Please restate word for word the lines of the entries below from the one with "Красивая черно-красная бабочка, сидящая" to the one with "- Giet water", inclusive, and leave out every picture.

● **Given data**:
===============
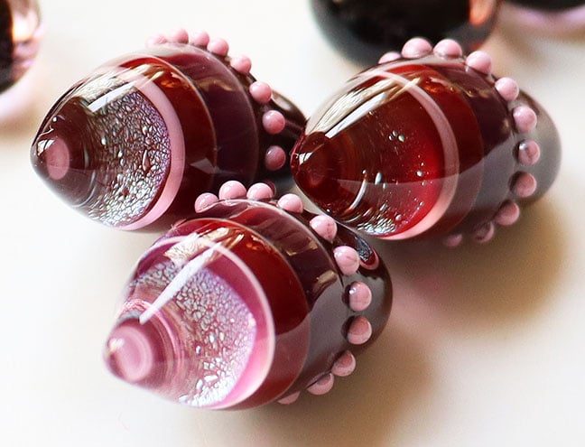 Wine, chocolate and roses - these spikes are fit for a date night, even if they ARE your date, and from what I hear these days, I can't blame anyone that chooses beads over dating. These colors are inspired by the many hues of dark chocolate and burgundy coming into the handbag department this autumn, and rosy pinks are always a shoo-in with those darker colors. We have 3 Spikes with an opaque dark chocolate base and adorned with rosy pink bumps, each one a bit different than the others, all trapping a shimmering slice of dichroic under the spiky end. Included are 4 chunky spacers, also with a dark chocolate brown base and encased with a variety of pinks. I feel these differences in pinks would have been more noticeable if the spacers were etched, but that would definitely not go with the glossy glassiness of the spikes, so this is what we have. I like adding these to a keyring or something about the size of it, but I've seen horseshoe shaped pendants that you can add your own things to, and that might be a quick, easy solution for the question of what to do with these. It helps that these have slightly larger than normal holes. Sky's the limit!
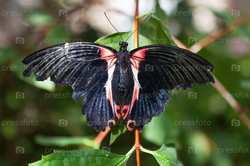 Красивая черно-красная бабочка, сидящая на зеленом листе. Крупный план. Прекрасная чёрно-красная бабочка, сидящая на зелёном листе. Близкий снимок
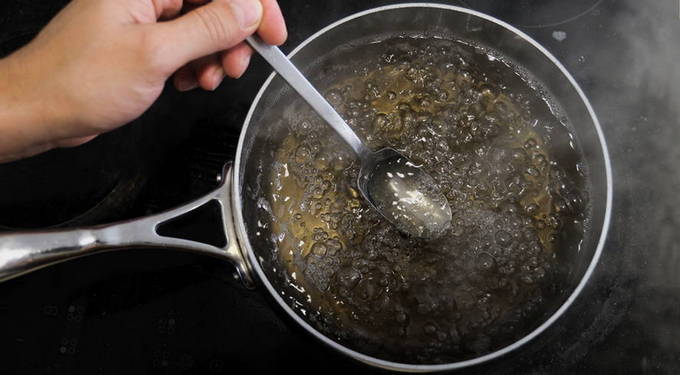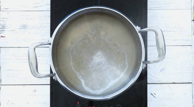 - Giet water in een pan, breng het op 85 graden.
===============
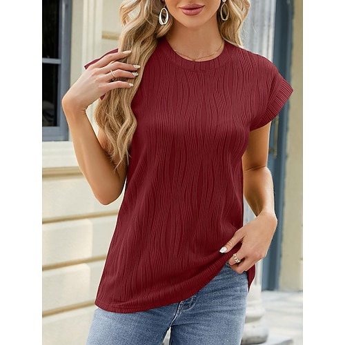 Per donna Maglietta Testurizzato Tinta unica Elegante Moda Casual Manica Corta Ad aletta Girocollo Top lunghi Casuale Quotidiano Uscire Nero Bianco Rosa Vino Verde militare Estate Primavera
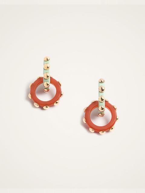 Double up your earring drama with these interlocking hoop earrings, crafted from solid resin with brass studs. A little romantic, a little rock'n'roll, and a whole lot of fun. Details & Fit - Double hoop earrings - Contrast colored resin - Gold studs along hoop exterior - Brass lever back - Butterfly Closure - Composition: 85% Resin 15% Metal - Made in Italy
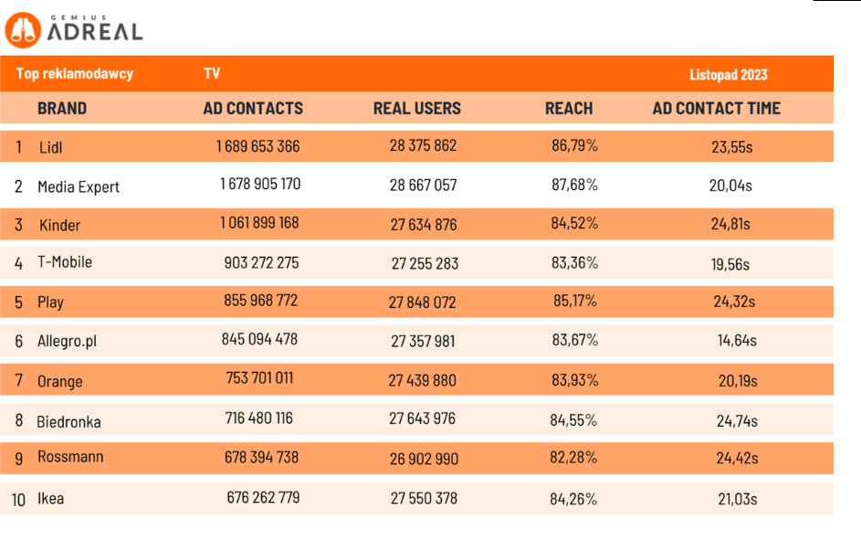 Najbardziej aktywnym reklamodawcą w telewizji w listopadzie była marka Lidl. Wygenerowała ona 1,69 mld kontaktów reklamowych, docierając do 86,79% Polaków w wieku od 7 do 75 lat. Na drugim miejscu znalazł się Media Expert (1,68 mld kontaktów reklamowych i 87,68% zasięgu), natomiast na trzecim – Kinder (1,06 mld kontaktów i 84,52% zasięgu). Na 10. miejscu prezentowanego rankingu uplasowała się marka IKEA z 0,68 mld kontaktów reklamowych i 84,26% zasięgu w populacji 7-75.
===============
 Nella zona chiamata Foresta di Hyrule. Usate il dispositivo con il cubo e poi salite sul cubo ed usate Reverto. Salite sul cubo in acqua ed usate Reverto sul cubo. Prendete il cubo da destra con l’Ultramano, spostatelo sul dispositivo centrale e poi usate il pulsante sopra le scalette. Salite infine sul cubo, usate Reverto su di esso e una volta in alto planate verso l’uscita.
===============
● **Exercise output**:
 Красивая черно-красная бабочка, сидящая на зеленом листе. Крупный план. Прекрасная чёрно-красная бабочка, сидящая на зелёном листе. Близкий снимок
 - Giet water in een pan, breng het op 85 graden.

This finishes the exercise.